Photographer: Alex Kraus / Bloomberg

“They wanted to develop my technology in their company in China,” said Weissman, a leader in the field because of his work with the research partner. Katalin Karikó in discovering the potential to fight mRNA disease. “I told them I was interested.”

Then nothing happened.

“I never heard from them,” Weissman said.

It was a missed opportunity that thwarted the country’s push against the Covid vaccine and left Chinese companies recovering a technological system to revolutionize everything from flu vaccines to cancer drugs.

When the coronavirus spread worldwide last year, New York-based Pfizer ran to partner with the German BioNTech, mRNA leader who had hired Kariko as senior vice president. Meanwhile, Massachusetts-based Moderna had $ 2.5 billion in US government funding.

Retreat from China

By contrast, several Chinese companies focused on older technologies it turned out to be much less powerful. At a conference on April 10, the head of the Chinese Center for Disease Control and Prevention, George Fu Gao, said Chinese vaccines “do not have very high protection rates,” local media reported.

While the comments caused a great stir on social media, Gao he backtracked, and told the Global Times that he supported the Communist Party that it only referred to ways to improve vaccine efficiency. But no damage control can hide the fact that no China-made mRNA vaccine has yet been approved.

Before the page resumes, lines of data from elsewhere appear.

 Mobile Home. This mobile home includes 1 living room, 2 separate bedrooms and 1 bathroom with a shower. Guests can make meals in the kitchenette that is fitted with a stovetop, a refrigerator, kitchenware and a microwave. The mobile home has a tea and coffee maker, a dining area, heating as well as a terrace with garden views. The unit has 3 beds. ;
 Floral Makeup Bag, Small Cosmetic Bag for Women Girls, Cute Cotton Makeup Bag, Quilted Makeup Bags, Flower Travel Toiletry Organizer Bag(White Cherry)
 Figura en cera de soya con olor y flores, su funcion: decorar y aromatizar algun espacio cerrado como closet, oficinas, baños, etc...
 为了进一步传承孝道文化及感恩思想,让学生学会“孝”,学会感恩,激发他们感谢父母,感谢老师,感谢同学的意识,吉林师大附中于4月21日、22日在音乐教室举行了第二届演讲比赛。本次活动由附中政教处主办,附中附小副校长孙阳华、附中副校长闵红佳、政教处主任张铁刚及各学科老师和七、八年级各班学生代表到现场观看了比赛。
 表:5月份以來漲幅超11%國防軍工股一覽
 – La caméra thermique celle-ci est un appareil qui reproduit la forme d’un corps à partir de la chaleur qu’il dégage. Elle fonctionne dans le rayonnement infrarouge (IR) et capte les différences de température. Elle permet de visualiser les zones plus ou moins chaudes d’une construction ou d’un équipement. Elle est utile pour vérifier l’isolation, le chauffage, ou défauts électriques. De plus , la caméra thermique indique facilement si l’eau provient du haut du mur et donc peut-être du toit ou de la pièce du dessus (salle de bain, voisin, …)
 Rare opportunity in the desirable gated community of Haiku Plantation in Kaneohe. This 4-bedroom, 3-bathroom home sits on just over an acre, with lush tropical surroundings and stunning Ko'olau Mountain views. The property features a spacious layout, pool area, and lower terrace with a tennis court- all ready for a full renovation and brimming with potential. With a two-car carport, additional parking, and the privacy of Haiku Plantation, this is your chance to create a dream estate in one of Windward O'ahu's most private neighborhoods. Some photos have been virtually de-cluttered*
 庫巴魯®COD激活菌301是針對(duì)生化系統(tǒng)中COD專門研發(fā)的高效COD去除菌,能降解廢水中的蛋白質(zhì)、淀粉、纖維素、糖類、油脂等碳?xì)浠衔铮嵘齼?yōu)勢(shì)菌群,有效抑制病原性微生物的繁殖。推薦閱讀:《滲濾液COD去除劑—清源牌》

For more information, read: Are China’s coveted traits less effective? Experts increase Sinovac

This is a setback for President Xi Jinping’s ambition to make the country a country health care power of innovation. The effectiveness of mRNA with Covid vaccines opens a new frontier for technology, with researchers looking for ways to use it to fight cancer, tuberculosis and many other diseases, according to Surbhi Gupta, a health care and life sciences analyst with consulting firm Frost & Sullivan.

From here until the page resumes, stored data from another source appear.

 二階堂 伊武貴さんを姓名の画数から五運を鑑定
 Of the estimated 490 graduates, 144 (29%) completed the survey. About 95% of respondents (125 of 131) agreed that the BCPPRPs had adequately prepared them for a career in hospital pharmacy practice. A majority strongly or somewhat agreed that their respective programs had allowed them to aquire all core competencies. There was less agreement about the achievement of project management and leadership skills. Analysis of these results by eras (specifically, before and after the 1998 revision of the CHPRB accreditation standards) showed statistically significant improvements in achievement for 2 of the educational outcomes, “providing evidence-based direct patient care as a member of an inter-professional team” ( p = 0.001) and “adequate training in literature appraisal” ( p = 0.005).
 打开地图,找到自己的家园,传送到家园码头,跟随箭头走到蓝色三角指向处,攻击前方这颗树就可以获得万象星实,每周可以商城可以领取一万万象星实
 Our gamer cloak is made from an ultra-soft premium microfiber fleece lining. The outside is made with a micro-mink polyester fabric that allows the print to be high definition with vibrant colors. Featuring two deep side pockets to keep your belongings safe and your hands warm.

“MRNA technology has the potential to change the game,” he said.

For decades, vaccines have been made using inactive versions of viruses, but mRNA traits use genetic material to instruct the body to create the ear protein that the coronavirus uses to enter cells. In turn, this trains the body to fight possible infections.

CHINA-BEIJING-COVID-19-VACCINE (CN)

At the Beijing Biological Products Institute Co. packaging plant in Beijing in December 2020.

Photographer: Zhang Yuwei / Xinhua News Agency / Getty Images

Old-school Chinese-made Covid vaccines are already in use Sinovac Biotech Ltd. and China National Biotec Group Co. they rely on inactivated virus particles and have much lower protection rates than the effectiveness of more than 90% of mRNA vaccines in preventing infections.

The Sinovac vaccine has an efficacy rate of just over 50% in protection against symptomatic Covid-19, according to studies in Brazil, which only meet the minimum threshold required by global drug regulators. China National Biotec, state – owned, a unit of Sinopharm Group Co., has said its two inactivated vaccines are 73% and 79% effective in preventing symptomatic Covid, but has not released data to support this claim.

Meanwhile, that of China CanSino Biologics Inc. has produced a vaccine against the viral virus that, like those made by AstraZeneca Plc and Johnson & Johnson, uses a genetically modified virus to fight infection. The Tianjin-based company has reported 66% effectiveness in preventing symptomatic Covid-19 in its final stage.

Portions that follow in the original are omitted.